La crisis económica, social y religiosa que vivió Europa en el siglo XV, tras el seísmo que provocaron la Peste Negra y el Cisma de Occidente, llevaron a la Cristiandad a creer que el demonio andaba literalmente sobre la faz de la tierra seduciendo a mortales para dominar el mundo. Los supuestos súbditos de Satanás se convirtieron en el principal enemigo de la Inquisición y hasta el siglo XVII cientos de miles de inocentes, en su gran mayoría mujeres, fueron condenados a la hoguera por delito de brujería.
El cine se ha acercado en multitud de ocasiones a este episodio, uno de los más oscuros de la historia, a veces potenciando su lado fantástico –la reciente La bruja (Robert Eggers, 2015) sería un buen ejemplo–, pero en Akelarre, que llega este viernes a las salas tras pasar por San Sebastián, el argentino Pablo Agüero (Mendoza, 1977) prefiere hacer un alegato contra la represión y el pensamiento único.

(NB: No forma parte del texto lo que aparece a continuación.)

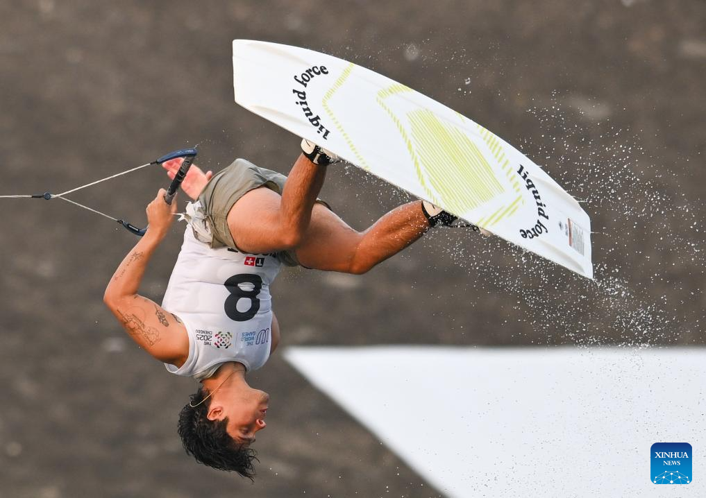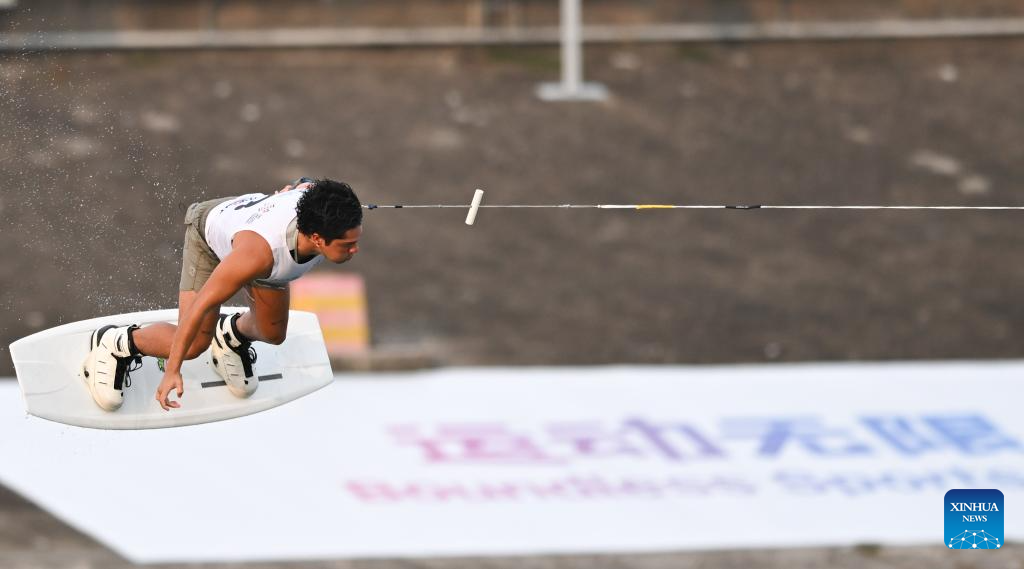 CHENGDU, 9 agosto, 2025 (Xinhua) -- Jorge Rocha, de Colombia, compite durante la semifinal de wakeboard estilo libre masculino del evento de esquí acuático y wakeboard en los Juegos Mundiales 2025, en Chengdu, en la provincia de Sichuan, en el suroeste de China, el 9 de agosto de 2025. (Xinhua/Chen Zhenhai)

La película arranca en 1606, cuando el juez Rostegui (un desatado Álex Brendemühl) llega a un pueblo de la costa del País Vasco en el que todos los hombres se encuentran faenando en el mar. Seis humildes jóvenes del lugar son arrestadas y encerradas en un granero. Poco después, descubren que han sido acusadas de brujería. Tras sufrir torturas, Ana (Amaia Aberasturi), cual Sherezade, decide confesar para ganar tiempo y se inventa su propio relato sobre el sabbat, el ritual de adoración al diablo.
Un pueblo orgulloso
“La singularidad del País Vasco acentuaba lo que sucedió en toda Europa”, explica Agüero a El Cultural, que se basó en las memorias del inquisidor Pierre de Lancre para desarrollar un proyecto en el que ha estado trabajando diez años. “Ya por entonces era un pueblo orgulloso y matriarcal, que hablaba un idioma que al foráneo le parecía demoníaco…”.
Con producción mayoritariamente española, pero también francesa y argentina, y un equipo integrado casi en su totalidad por profesionales vascos (destaca la fotografía de Javi Agirre Erauso, ganador del Goya por Handia), el filme seduce en un primer momento por su apartado visual, en el que encontramos desde planos que recuerdan al Terrence Malick más místico hasta imágenes de un potente pictoricismo. “Trabajo de una manera muy orgánica, para mí no hay diferencia entre fotografía, decorado o actuación”, asegura el director. “Concibo un decorado en el que ya están las fuentes de luz y, a partir de ahí, las reglas del juego entre cámaras y personajes van construyendo la estética. Así se genera algo que, de una manera lúdica, es potente y salvaje visualmente”.
Aunque la película parte de un hecho real, Agüero asegura que no ha querido hacer ni un tratado de historia ni un panfleto político: “Quería evitar todos los clichés del cine de época y acentuar el lado atemporal, casi contemporáneo, del relato, sin caer en el anacronismo. Es decir, sin poner zapatillas Nike como hacía Sofia Coppola en María Antonieta”.
Así, temas como el nacionalismo, el feminismo o la manipulación asoman por las imágenes de Akelarre. “Pero no he buscado reflejar la actualidad sino que fue un periodo histórico en el que se establecieron
parámetros morales y de obediencia que hoy se reproducen”, explica el director de Eva no duerme (2015). “Me parece genial que el filme pueda proporcionar símbolos para que el espectador se apropie de ellos y pueda discutir de la realidad. Alguien la definió como Abascal contra el 8M y me parece que la entendió mejor que yo mismo”.